My guess is that similar reactions are ahead for you as well. But if you want to experience them in a completely useful way that could help shape your future (and not just entail being used for sex, lets say) then I think it would be wise to find a way to see a therapist in order to put the (examples) your parents taught you in their proper place. It is ok to have learned from them, mostly in areas of how NOT to conduct yourself within the bounds of a relationship, but your future needs to be much, much better than what they have known.

 

You don't want to leap out there, know the good times for a while, and then reconcile yourself to a lifetime of cheating and being cheated on... (which is so typically the 'sentence' for those who have parents who do such things).

 

It really is all up to you, but you seem very aware, and are inclined to take wise steps while moving toward your adult future.

  • 1 month later...
Posted

Hey Celestine,

 

I'm so glad you started this thread. I have battled with same issues for a couple of years, well, since I got together with my bf really.

 

I have serious issues about love....I'm not sure if I'm capable of loving or do I even deserve love.
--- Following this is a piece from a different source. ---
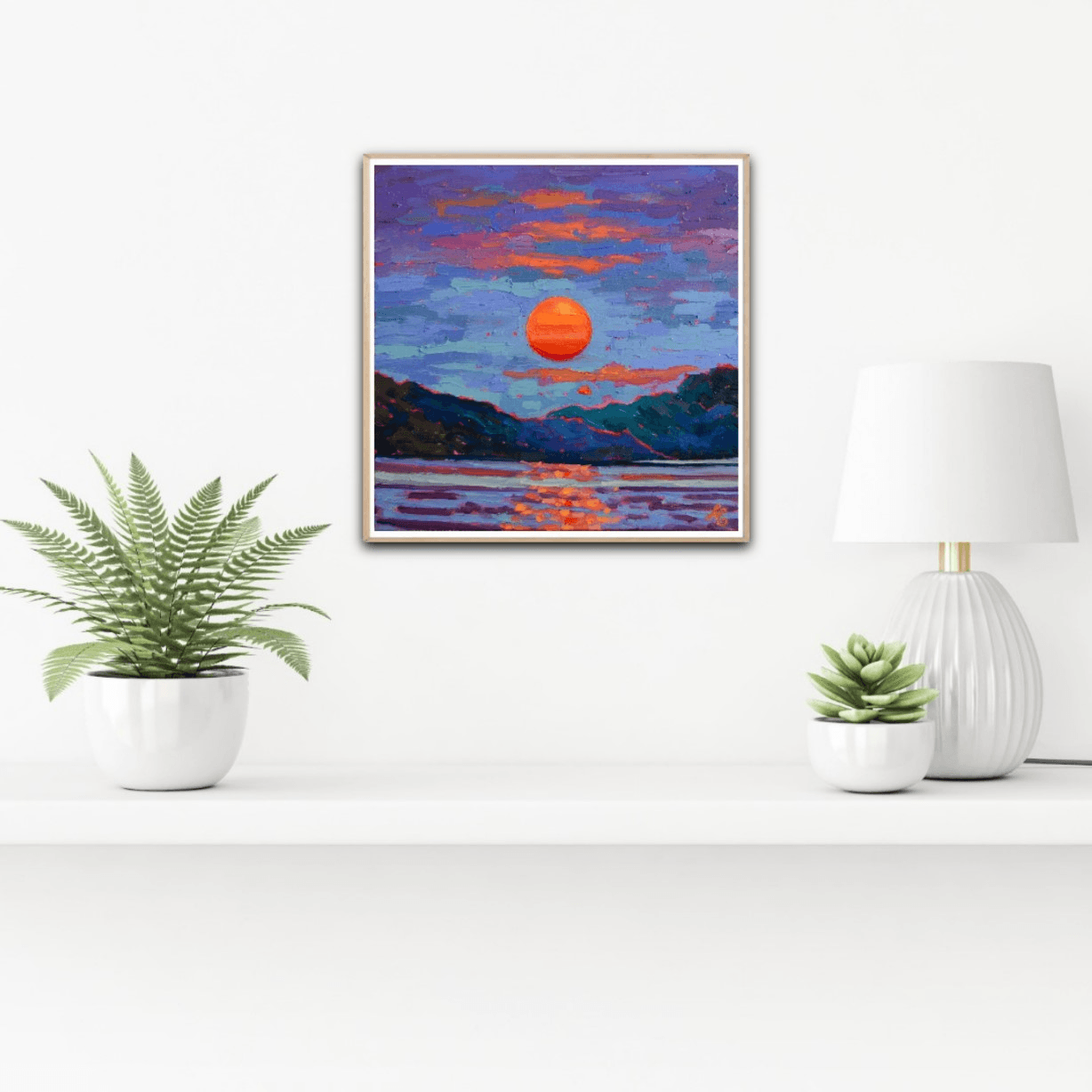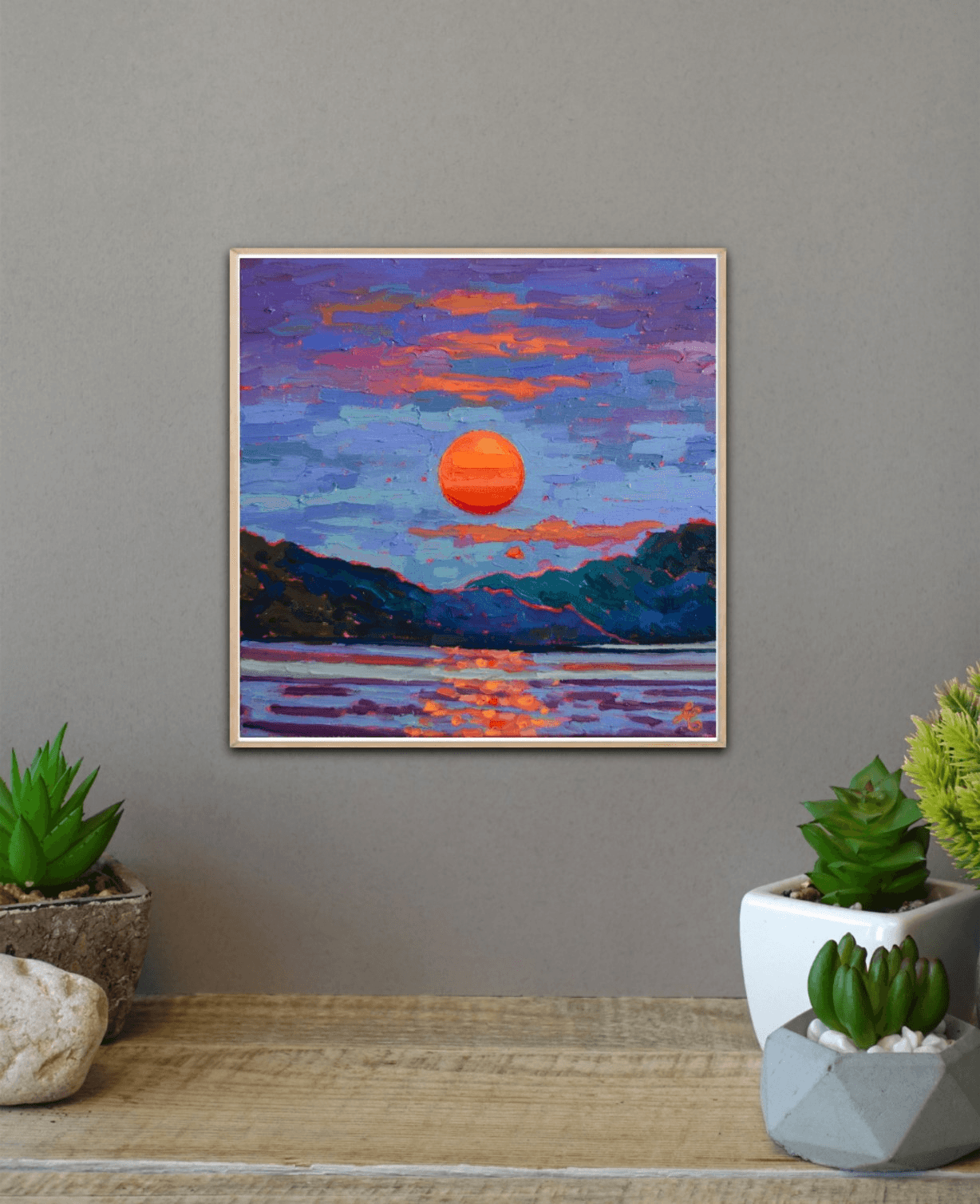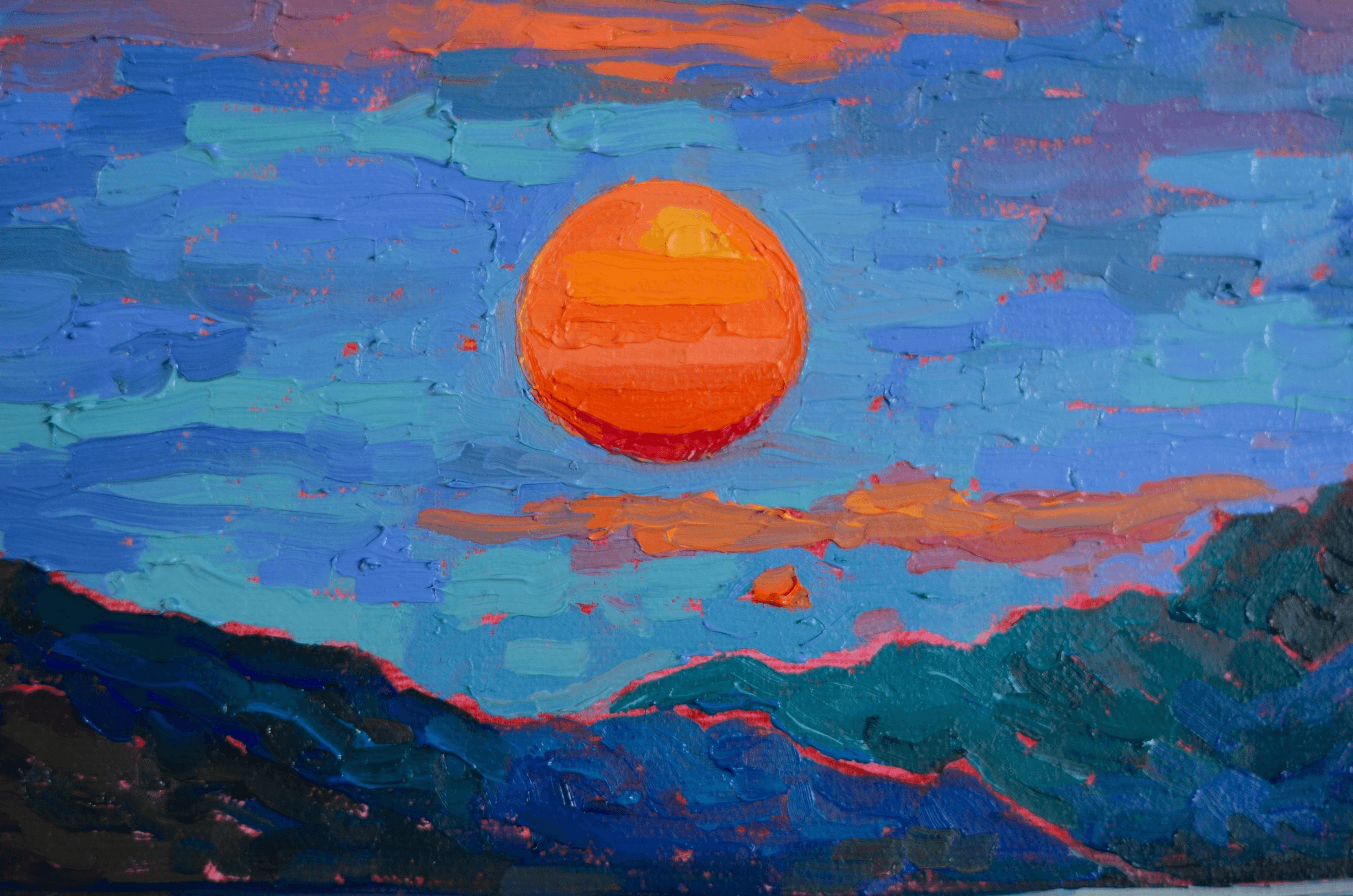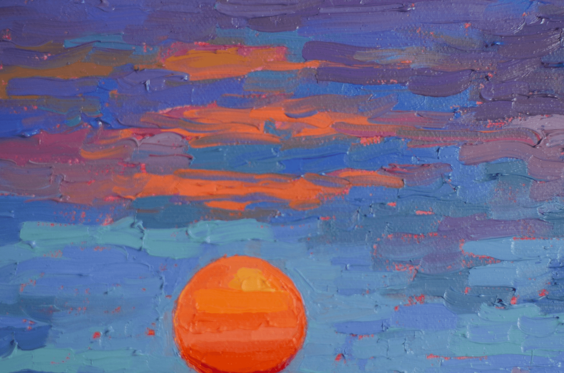 This is painting number one from my mini-series titled "Solar Verses". It is a collection of paintings that I decided should be devoted to the beauty and glory of the sun... I wanted to portray this burning star in the center of our solar system that keeps our world lit and alive in different situations and settings to showcase its many faces and colors...

If my parents didn't love me when I was a kid, how am I supposed to show love towards my bf? My bf understands my past, but I still haven't said "I love you" after 3 years of being togerher, I don't think I should be with him anymore, I think he deserves something better... I have many aquintances, but not a single very good friend (except my bf), because I'm uncapable of showing affection towards any people. I like to show that I can manage alone, since that feeling is very familiar from my childhood.

 

I don't know if I beleive in love, I don't even think it's possible that two people could live together for decaded loving each other...

 

I have seen a therapist for a couple of times, I think that helps a little...I'm actually thinking of seeing another one now that Ive moved into a new town. I recommend that to you too, if you have money to spare.

 

Would like to hear from you again :)

Posted

There are many definitions of love. To someone it means one thing but to another it means something else.

"a strong positive emotion of regard and affection"

 

It's a feeling. It's the feeling of knowing you can't live, eat, sleep, breathe without the object of your love. You miss them when they are gone and think about them constantly.